The purpose of operating the evaporator as close to a superheating set-point temperature as possible no matter operation duty is of importance to get as high utilization factor as possible. Thus, it is of economic importance. Further, it has an influence to other components cooperating with the evaporator, such as a compressor, since compressors normally are sensitive to liquid content. Any droplets remaining in the evaporated fluid when reaching the inlet of the compressor may damage the same. Also, there is an economical interest of operating the evaporator as close to the superheating temperature difference as possible since once the fluid has reached the superheating temperature difference the fluid is completely dry and there is no substantial gain in increasing the temperature additionally. The superheating temperature set-point above is determined by the system manufacturer to incorporate a certain wanted safety margin against the risk of receiving liquid into the compressor. The problems discussed above get more pronounced when the load of the evaporator is changed. This may by way of example be the case when changing the operation duty of an air conditioning system, from one temperature to another, meaning that the amount of fluid to be supplied to the evaporator is changed.

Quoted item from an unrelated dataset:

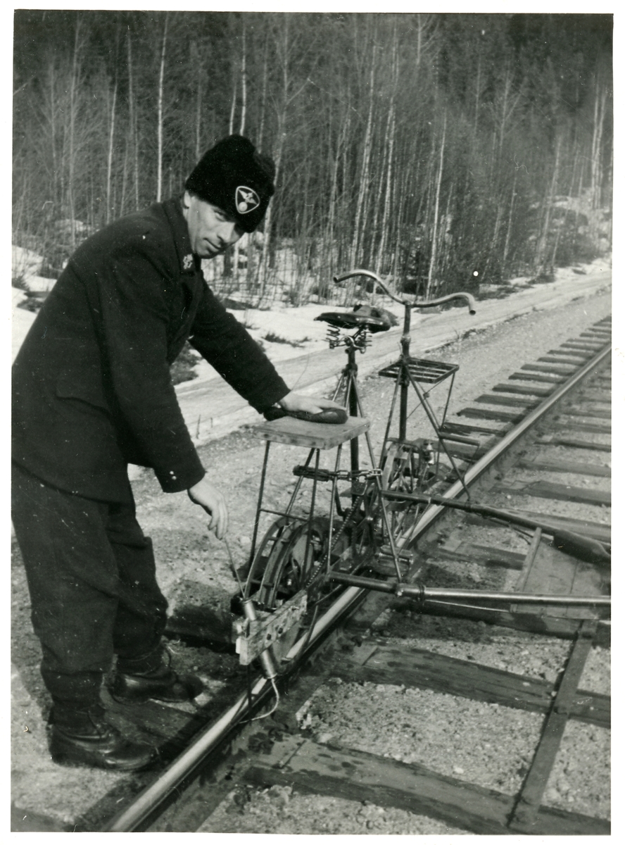 Banvakt Pettersson demonstrerar egentillverkad rälssmörjningsapparat efter linjen mellan Selsjön - Aspeå.

Documents EP2156112B1 and WO2008151639A1 provide a method for controlling a refrigerant distribution among at least two evaporators in such a manner that the refrigeration capacity of air-heated evaporators is utilized to the greatest possible extent. This is made by monitoring a superheat of refrigerant at a common outlet of the evaporators. Further, this is made by altering a mass flow of refrigerant through a selected evaporator while keeping the total mass flow of refrigerant through all the evaporators substantially constant. The flow is controlled by one single valve being an expansion valve. Thus, the two documents provide a solution to controlling the operation of a plurality of air-heated evaporators, in which method each evaporator is evaluated as a complete unit and in which method each unit is controlled in view of additional evaporators arranged in the same circuit.
Other examples of documents disclosing systems comprising multiple evaporators and/or multiple heat exchangers are U.S. Pat. No. 6,415,519B1 and EP0750166A2. In U.S. Pat. No. 6,415,519B1, multiple evaporators are utilized for cooling a multi-component computer system. In EP0750166A2, a plurality of indoor heat-exchangers is disclosed. Also these two documents provide solutions to controlling the operation of a plurality of heat-exchangers and/or evaporators in a system, in which each evaporator/heat-exchanger is evaluated as a complete unit.
Generally, the efficiency of evaporators and especially plate heat exchangers at part load is a raising issue. More focus is put on how the evaporator performs at different operation duties instead of being measured at only one operation duty. By way of example, laboratory scale trials have shown that an air-conditioning system can save 4-10% of its energy consumption just by improved evaporator function at part load for a given brazed plate heat exchanger. Further, an evaporator system is typically only operating at full capacity for 3% of the time, while most evaporators are designed and tuned for a full capacity operation.